Doctoral programme and research group

Doctoral education in the University of Eastern Finland is arranged in seven discipline specific or thematic doctoral programmes. This research project will be located in the Doctoral Programme of the Philosophical Faculty, and the submitting department is the School of Humanities.

Depending on the orientation, the student finds peer group from the projects by the supervisors. These include three Research Council of Finland-funded projects: COMET (Weak-tie Hypothesis in Complex Digital Networks) and FIN-CLARIAH (the Common Language Resources and Technology Infrastructure), a state-of-the-art lighthouse infrastructure funded by the Research Council, as well as the DECA (Democratic Epistemic Capacities in the Age of Algorithms) project consortium funded by the Strategic Research Council established within the Research Council of Finland.

Partners / Secondments

University of Porto, Centre for Linguistics (CLUP), hosted by Assistant Professor Rui Sousa-Silva.

University of Birmingham, Department of Linguistics and Communication, hosted by Prof. Jack Grieve

Other interdisciplinary, international and/or intersectoral collaboration

This project involves potential collaboration with Language Technology & Data Analysis Laboratory, University of Queensland, Dr.
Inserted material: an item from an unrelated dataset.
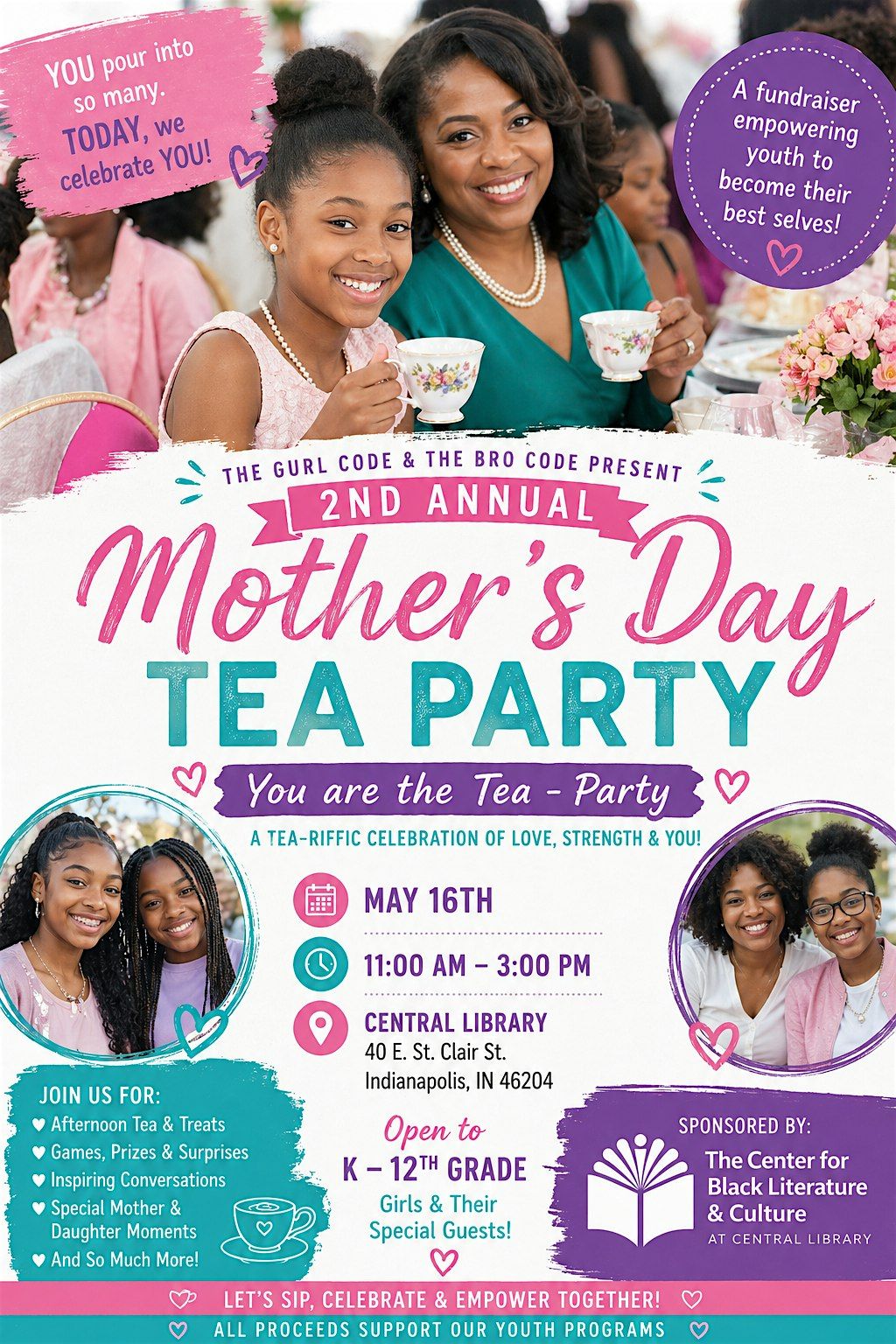 Join us for a beautiful and empowering afternoon at our 2nd Annual Mother’s Day Tea Party Fundraiser — where we celebrate love, connection, and community.

Martin Schweinberger (https://ladal.edu.au/) and the national DECA project consortium (https://www.decatutkimus.fi/home) formed by researchers from the fields of media, communications and journalism research, social psychology, sociology, law, translation studies and IT.

Intersectoral and interdisciplinary collaboration is strengthened through DP-FOBI’s three summer schools involving academic supervisors, non-academic partners, and other stakeholders, enabling hands-on interaction and knowledge exchange.